Retype all of the listing exactly, passing over any picture you find.

Segment Start: Data segment

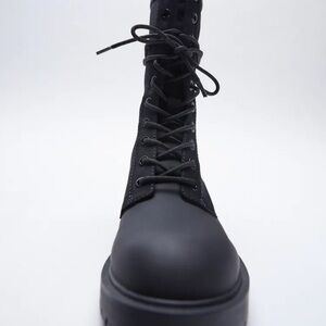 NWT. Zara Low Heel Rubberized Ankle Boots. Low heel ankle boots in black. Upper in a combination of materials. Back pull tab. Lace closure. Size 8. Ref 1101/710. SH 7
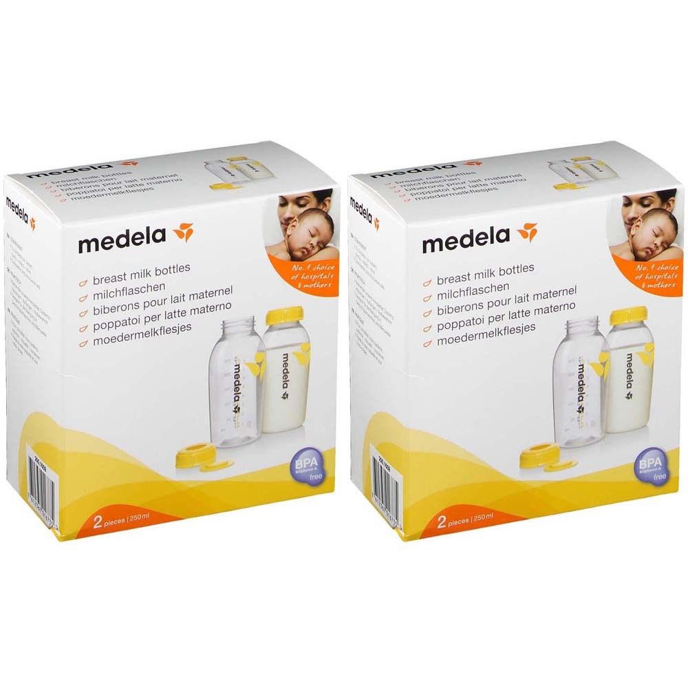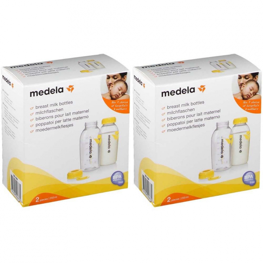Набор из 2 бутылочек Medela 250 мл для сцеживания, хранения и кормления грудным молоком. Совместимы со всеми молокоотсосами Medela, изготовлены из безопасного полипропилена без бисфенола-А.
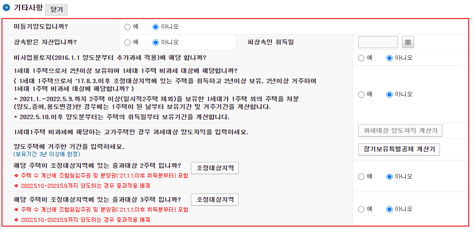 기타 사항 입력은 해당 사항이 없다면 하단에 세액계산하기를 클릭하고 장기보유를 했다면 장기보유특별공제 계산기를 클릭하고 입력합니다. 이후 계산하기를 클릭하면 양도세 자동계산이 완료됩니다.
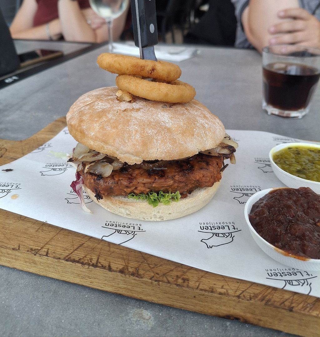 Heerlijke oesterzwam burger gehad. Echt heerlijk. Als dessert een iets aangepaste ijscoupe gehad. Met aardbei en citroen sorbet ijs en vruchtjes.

Segment End: Data segment

Result for this task -
 NWT. Zara Low Heel Rubberized Ankle Boots. Low heel ankle boots in black. Upper in a combination of materials. Back pull tab. Lace closure. Size 8. Ref 1101/710. SH 7
Набор из 2 бутылочек Medela 250 мл для сцеживания, хранения и кормления грудным молоком. Совместимы со всеми молокоотсосами Medela, изготовлены из безопасного полипропилена без бисфенола-А.
 기타 사항 입력은 해당 사항이 없다면 하단에 세액계산하기를 클릭하고 장기보유를 했다면 장기보유특별공제 계산기를 클릭하고 입력합니다. 이후 계산하기를 클릭하면 양도세 자동계산이 완료됩니다.
 Heerlijke oesterzwam burger gehad. Echt heerlijk. Als dessert een iets aangepaste ijscoupe gehad. Met aardbei en citroen sorbet ijs en vruchtjes.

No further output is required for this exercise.